What is expected → It would help if you retyped the data exactly, leaving out the pictures.

Available data →
Segment Open
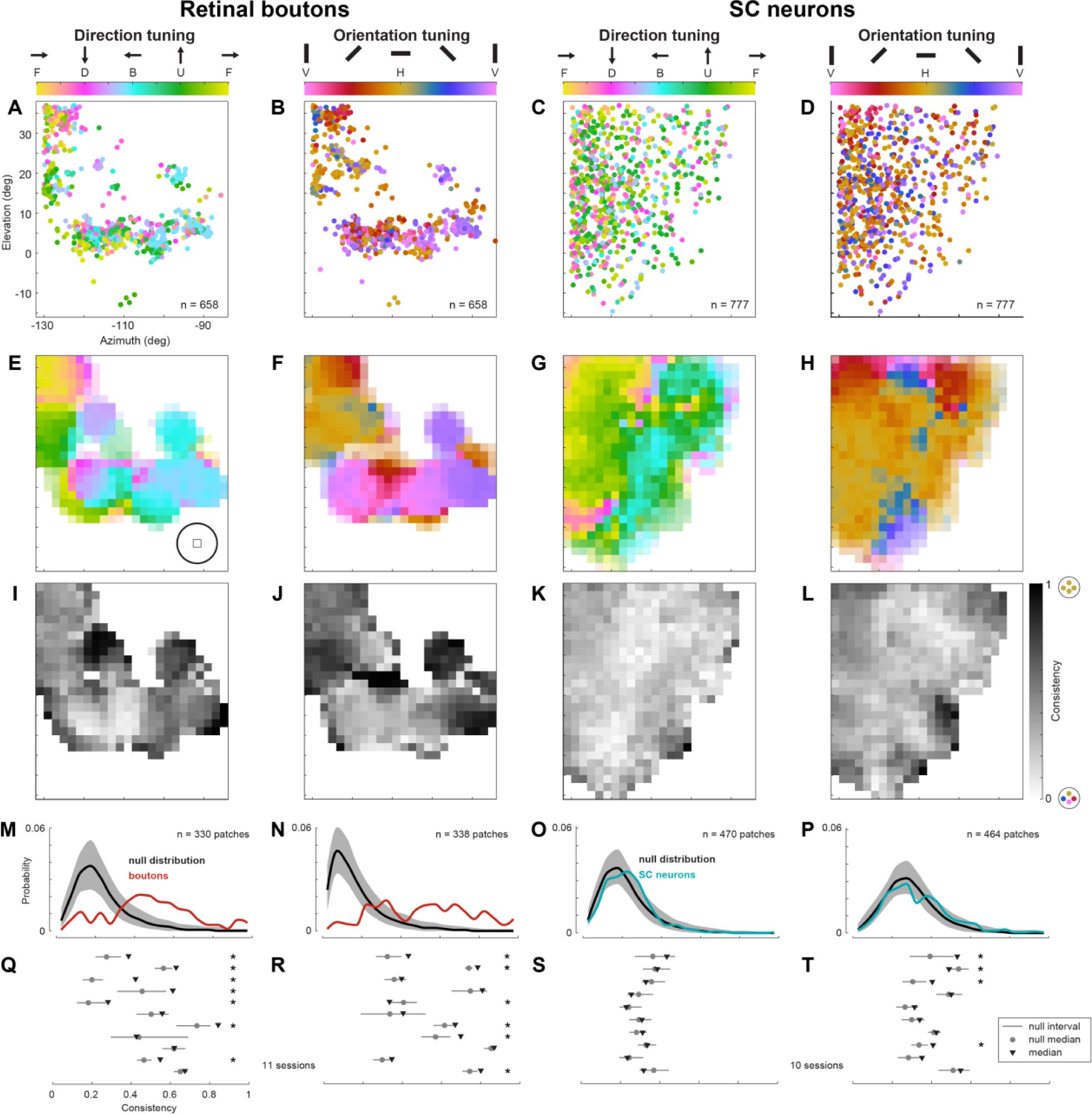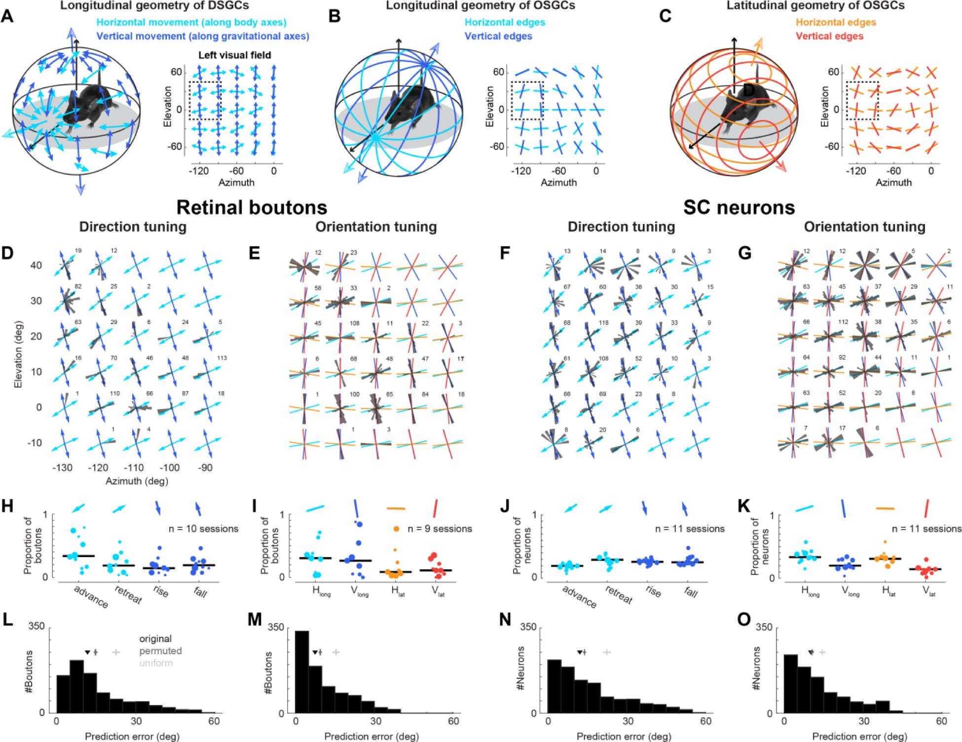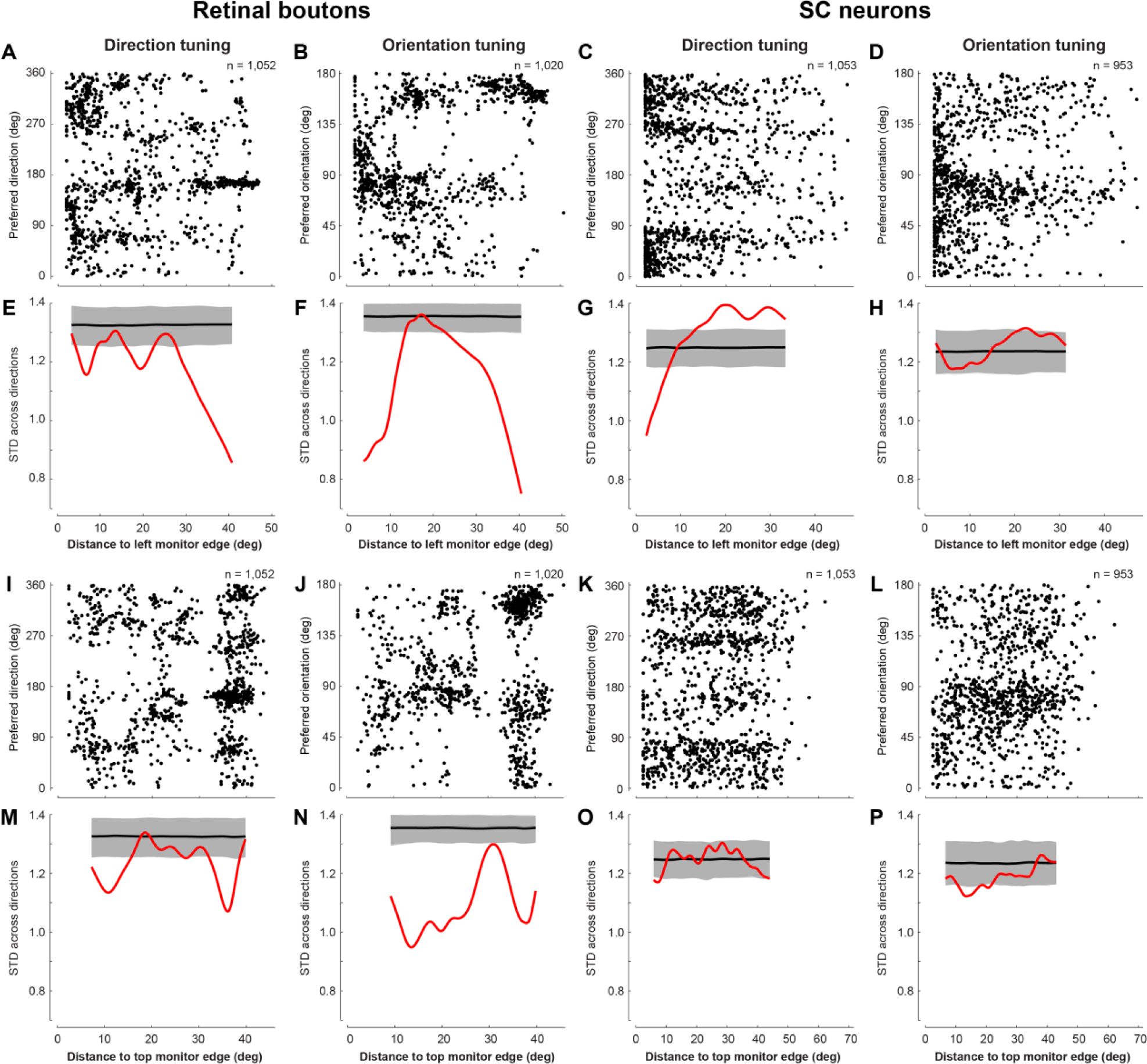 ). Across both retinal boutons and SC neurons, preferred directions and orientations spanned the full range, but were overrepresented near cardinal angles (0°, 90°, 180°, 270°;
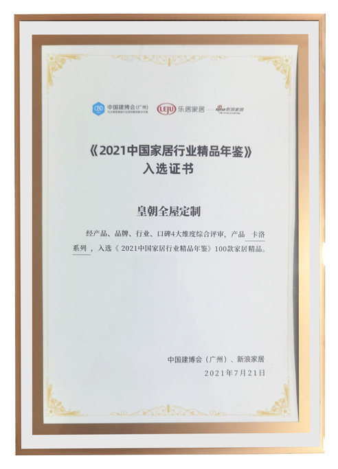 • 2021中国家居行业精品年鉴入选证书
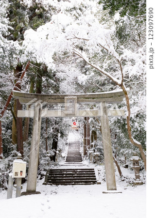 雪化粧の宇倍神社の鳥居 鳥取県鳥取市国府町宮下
Segment Closed
Reply →
 ). Across both retinal boutons and SC neurons, preferred directions and orientations spanned the full range, but were overrepresented near cardinal angles (0°, 90°, 180°, 270°;
 • 2021中国家居行业精品年鉴入选证书
 雪化粧の宇倍神社の鳥居 鳥取県鳥取市国府町宮下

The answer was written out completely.